Southern Virginia athletic teams are known as the Knights. The university is a member of the Division III level of the National Collegiate Athletic Association (NCAA), primarily competing in the USA South Athletic Conference for most of its sports since the 2021–22 academic year; while its men's volleyball team competes in the Continental Volleyball Conference (CVC) and it’s men’s wrestling team competes in the Old Dominion Athletic Conference (ODAC). The Knights previously competed in the Capital Athletic Conference (CAC; now known as the "Coast to Coast Athletic Conference" (C2C) since the 2020–21 school year) from 2013–14 to 2020–21; as well as a provisional NCAA D-III Independent during the 2012–13 school year. They also competed in the National Association of Intercollegiate Athletics (NAIA) and United States Collegiate Athletic Association (USCAA) from 1998–99 to 2012–13.
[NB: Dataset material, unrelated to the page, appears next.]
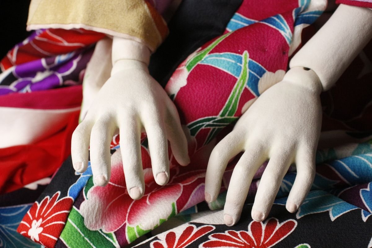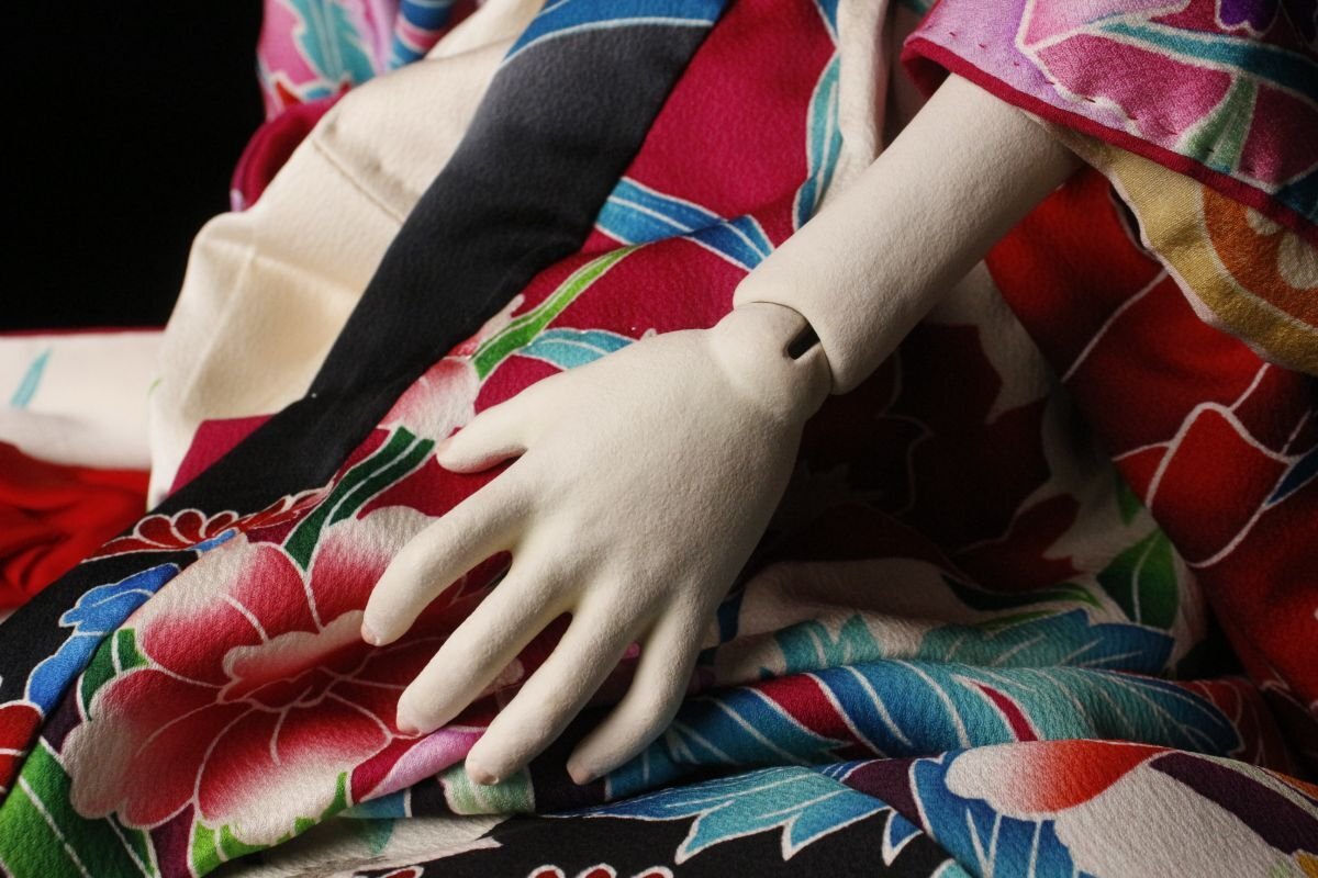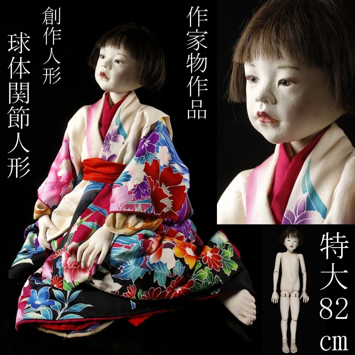 * * * 商品詳細 * * * ここでしか出逢うことのできない唯一の美をご紹介させて頂きます。 艶やかな着物を着た非常にリアリティのある球体関節人形のご紹介です。 仕上がりは丁寧で美しく、最低限の化粧が施されたその顔は幼く、 華奢な体つきは何とも言えない妖艶さがあります。 人体のように光を反射する眼球は生命を思わせ、 ぞくぞくする絶妙な緊張感と鋭い存在感を感じさせます。 芸術的で洗練された無機質な美しさに包まれた神秘性のある逸品です。 この機会に是非お求めください。 ■サイズ/全長82㎝(足を伸ばした状態) ■状態/スレ、小キズ、シミ、欠け、髪に傷み、抜け、 着物にヤケ、ほつれ、糸にちぎれがございます。 ※写真にてご確認、ご了承の上ご入札下さい。

On April 28, 2025, the Southern Virginia men’s volleyball team swept Springfield at the Cregger Center in Salem, Virginia to win the 2025 NCAA Division III men's volleyball championship. It is the first NCAA championship in school history.

==Notable people==

===Faculty===
- Jeff Benedict, sports writer
- Orson Scott Card, science fiction author (Ender's Game)
- Ed Mulitalo, former American football player who played in Super Bowl XXXV with the Baltimore Ravens
- Debra H. Sowell, former secretary and board member of the Society of Dance History Scholars

===Alumni===
- Beezie Madden, an American show jumping competitor and Olympic medalist
- Gustavo Ramos, Brazilian-American internationally renowned fine artist.